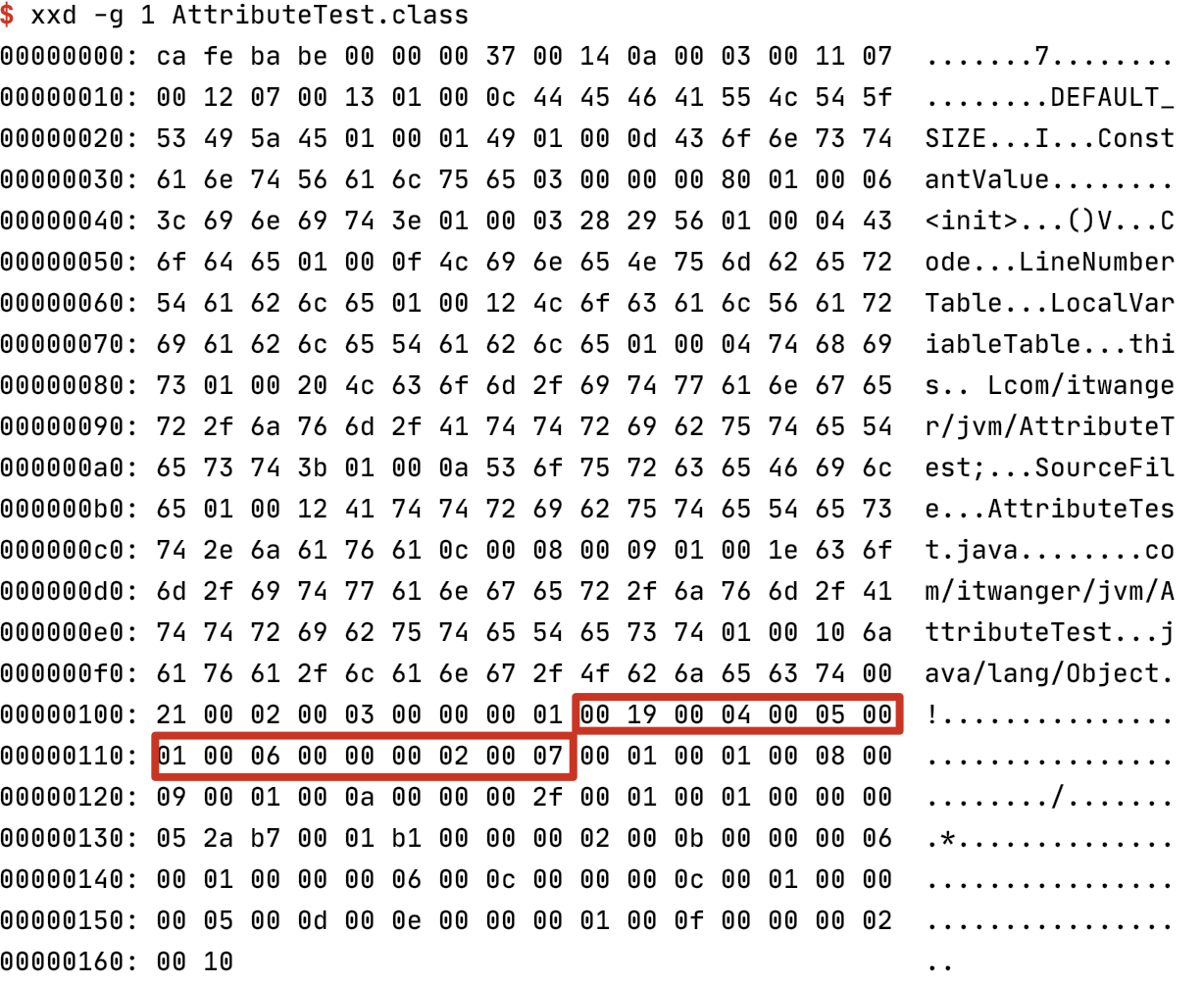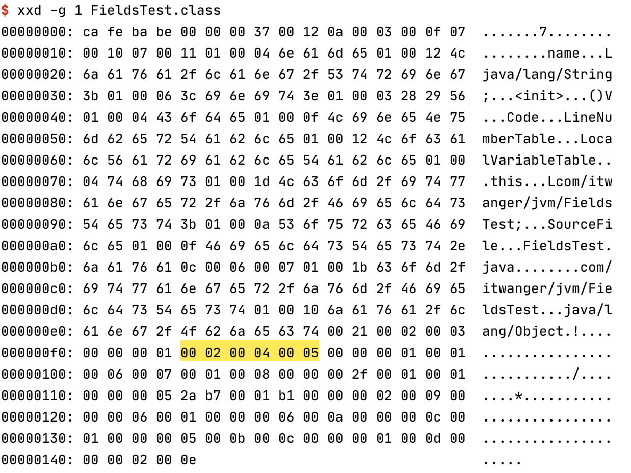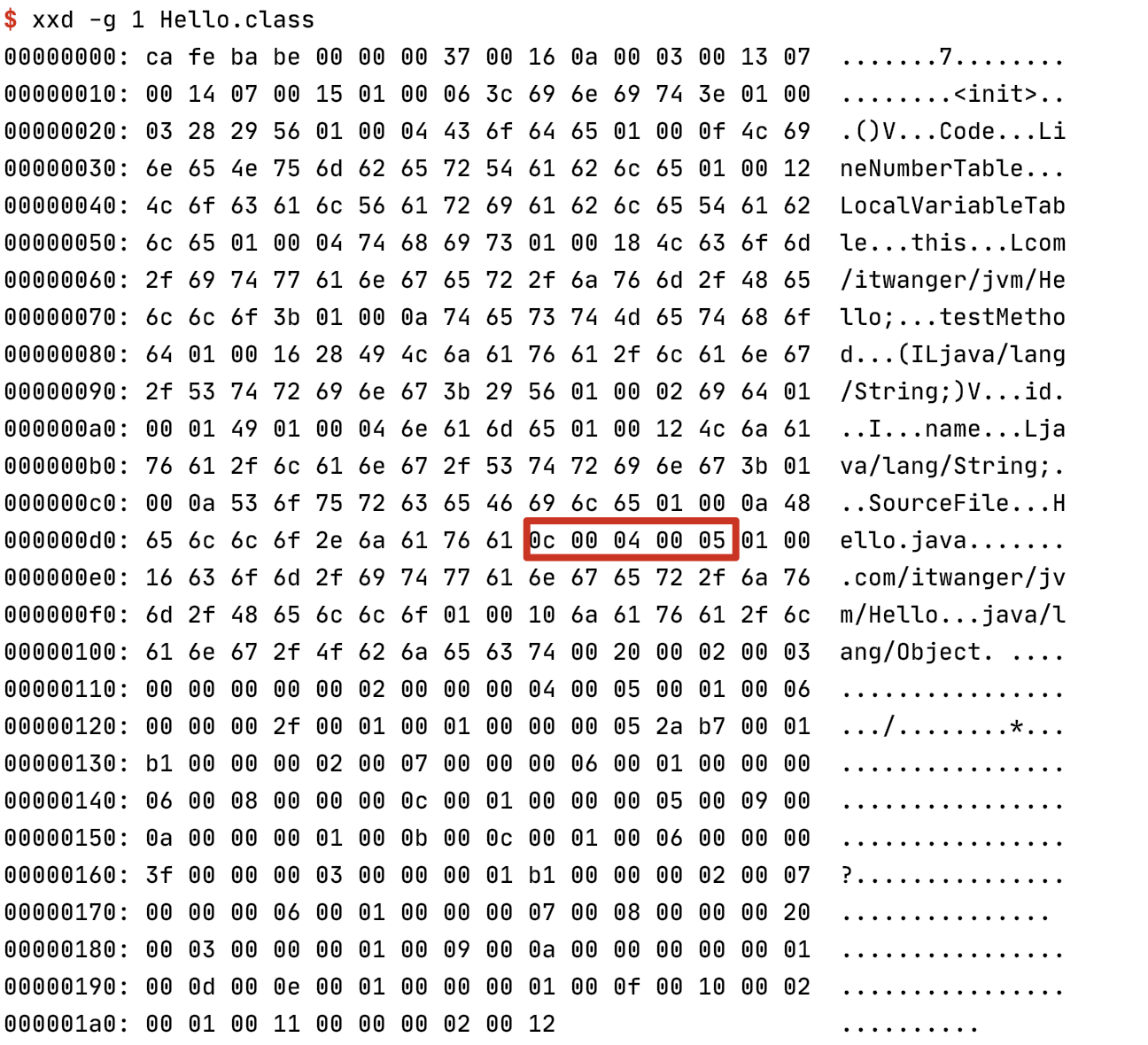 可以在终端中通过 xxd Hello.class 命令来查看(前面我们已经讲过了,大家可以戳这个链接回看)。
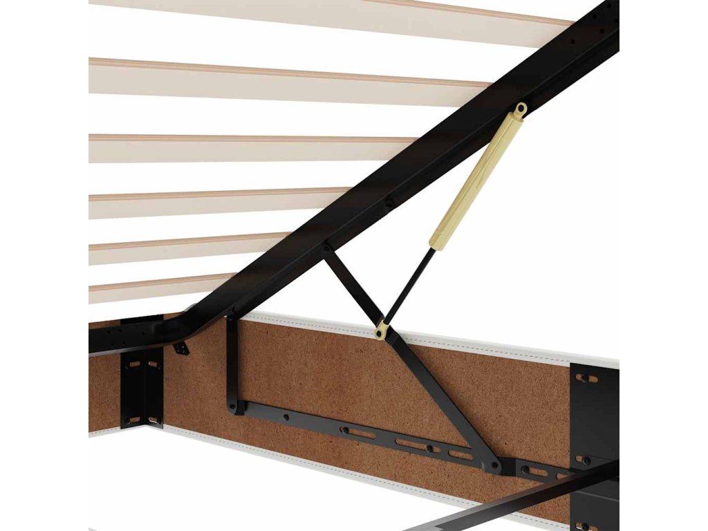 - Pohodlný zvedací mechanismus: Integrovaný hydraulický zvedací mechanismus umožňuje snadný přístup k vašim věcem uloženým pod postelí. Jednoduchým zatažením za rukojeť se základna roštu hladce zvedne a umožní vám rychle a bez námahy vyndat vaše věci.
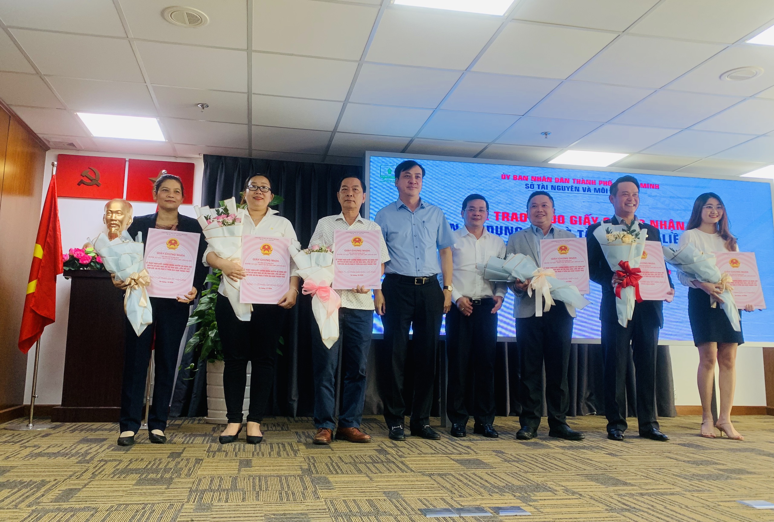 Chiều ngày 15/9, Sở Tài nguyên và Môi trường TP Hồ Chí Minh tổ chức lễ trao 1.000 giấy chứng nhận cho các dự án nhà ở trên địa bàn TP cho 16 đơn vị dự án đã hoàn chỉnh đầy đủ các quy trình, thủ tục đầu tư, xây dựng dự án theo đúng quy định.

▸ EXERCISE OBJECTIVE:
The pictures alone are to be left out when the data above is copied; all else must match exactly.

▸ EXERCISE OUTPUT:
 可以在终端中通过 xxd Hello.class 命令来查看(前面我们已经讲过了,大家可以戳这个链接回看)。
 - Pohodlný zvedací mechanismus: Integrovaný hydraulický zvedací mechanismus umožňuje snadný přístup k vašim věcem uloženým pod postelí. Jednoduchým zatažením za rukojeť se základna roštu hladce zvedne a umožní vám rychle a bez námahy vyndat vaše věci.
 Chiều ngày 15/9, Sở Tài nguyên và Môi trường TP Hồ Chí Minh tổ chức lễ trao 1.000 giấy chứng nhận cho các dự án nhà ở trên địa bàn TP cho 16 đơn vị dự án đã hoàn chỉnh đầy đủ các quy trình, thủ tục đầu tư, xây dựng dự án theo đúng quy định.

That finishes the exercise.